Bob Aaron email@example.com
June 29, 2002
Agents, broker face fines in double-offer sale scheme
The Real Estate Council of Ontario has put Ontario’s real estate agents and brokers on notice that if they participate in schemes to inflate the purchase price of property to secure financing, they are going to get caught and the penalties and publicity are going to sting.
Tiffany Edgecombe was a part-time salesperson associated with S. Realty Inc., a brokerage in the Greater Toronto Area. She wanted to buy a house, which was listed by Antonietta Mainella, an agent with another company.
With the assistance of Anthony Azan, who was then Edgecombe’s broker at S. Realty, Edgecombe signed an agreement to buy a house for $178,000.
During the conditional period, it became apparent that the planned down payment would not be available, and she could not get conventional 75 per cent financing.
Relying on some incredibly bad advice from a mortgage broker, Edgecombe signed a second agreement of purchase and sale for the same house seven days later the day the financing condition was to expire.
The purchase price in the new offer was increased to $186,000, and the agreement was backdated to the original date of the $178,000 purchase. Simultaneously, Edgecombe waived the financing clause, even though her down payment had evaporated.

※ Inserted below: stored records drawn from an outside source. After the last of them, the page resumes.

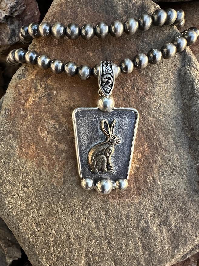 Sterling Silver pendant with Brass Jack Rabbit. Dimension 2" long by 1" wide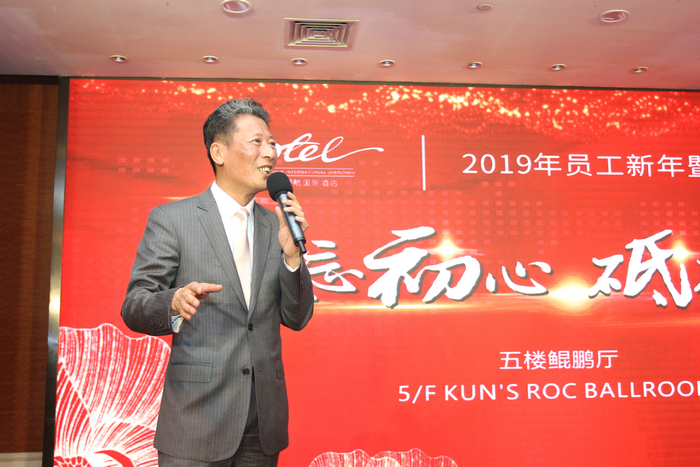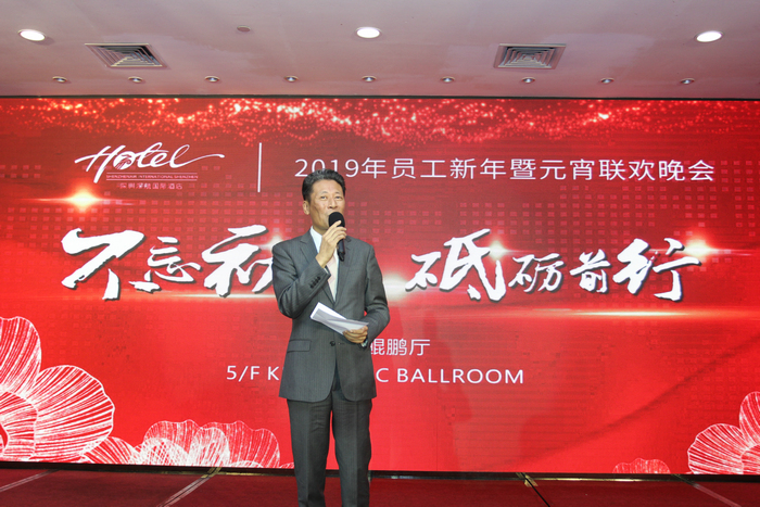 2019年2月18日,深圳深航国际酒店鲲鹏厅一片欢声笑语,酒店总经理黄俭、常务副总经理魏文斌、副总经理肖强率酒店管理团队与二百余名员工欢聚一堂, 活动当晚还邀请了深航酒店管理公司团队的领导和同事, 共同迎接猪年新春及元宵佳节!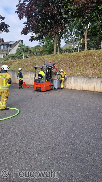 In einem Gewerbebetrieb kam es zu einem Batteriebrand eines Gabelstaplers. Bei Ankunft der Feuerwehr befand sich die Batterie schon außerhalb des Gebäudes. Durch die Feuerwehr wurde die Batterie abgelöscht und in eine Box verbracht. Anschließend wurde das Gebäude mittels Lüfter freigeblasen.

Also prepared at the same time was an amendment to the second agreement of purchase and sale, deleting some of the included appliances and the broadloom which was never there in the first place and crediting the purchaser with $8,000 in exchange. This, of course, brought the price back down to its original $178,000.
The reason for the second agreement and the amendment, according to a RECO discipline panel, which heard the case a year later, was “not to change the price or otherwise change the structure of the (first) deal … but was to inflate the purchase price for the purpose of Edgecombe being able to raise financing.”
Ultimately, after she was turned down by the National Bank, which became aware of the two offers, Edgecombe was able to arrange high-ratio financing of $183,000 from another bank a total of $5,000 more than the real price she paid for the property. It appears the bank was not shown the amendment reducing the price by $8,000.
After CMHC fees, Edgecombe would have received a net advance roughly equal to the original $178,000 purchase price, making it the classic “nothing down” deal.
Peter Vass was a colleague of Edgecombe’s at S. Realty. In the RECO decision, Vass is quoted explaining the structure of the transaction, which involved backdating documents, the existence of two agreements and amendment, which artificially reduced the price. Vass denied knowing about the first agreement but the RECO panel did not believe his denial.
Vass apparently told Anonietta Mainella, agent for the vendors, “this type of transaction was done all the time.” He is quoted as telling Mainella that the double agreement was for “banking purposes,” and that “it needed to be done.” RECO also found that he told Mainella that her clients would not be harmed, since the deal would go through at $178,000, and that “he did this thing all the time.”
When the deal closed, National Bank, which held the vendor’s mortgage and which refused to finance Edgecombe, filed a complaint with RECO about the conduct of all the agents involved.
Discipline complaints were filed against Edgecombe, the vendor’s agent Antonietta Mainella, Edgecombe’s broker Anthony Azan, and sales agent Peter Vass at S. Realty.
Edgecombe, Mainella and Vass were all found to be in violation of two rules of RECO’s code of ethics Rule 10, which prohibits participating in the making of false documents or statements, and Rule 23, which bars unprofessional conduct.
Even though he was on holiday at the time of the second offer, Azan was found guilty of a breach of Rule 20, which makes him responsible for the professional conduct and actions of those members registered with him.
In the end, the RECO panel concluded that Vass “had to know” of the earlier $178,000 offer, and that the “over financing scheme” was the reason for the second agreement and the amendment.
The panel decided that Edgecombe, even though inexperienced, knew or ought to have known it was wrong to backdate documents, and make a “false amendment” to an agreement of purchase and sale.
The panel found that Mainella, who only wanted to protect her vendor, should not have participated in a scheme “that was potentially going to mislead a financial institution.”
When the appeals were over last fall, the appeal tribunal upheld the findings of liability but reduced the penalties. Following the appeal, each party was ordered to pay $625 in costs plus varying administrative penalties. Edgecombe was ordered to pay $3,750, Mainella $2,500 (who did not appeal), Vass $5,000, and Azan $2,500. All but Mainella were placed on two years’ probation of their licensing registration.
For me, the scariest part of the story is the statement by Peter Vass that “this type of transaction was done all the time.” Unfortunately, the statement is all too true.
The only way to stamp out this type of behaviour is with tougher penalties. Agents who participate in double-offer schemes should have their licences lifted permanently.
Bob Aaron is a leading Toronto real estate lawyer.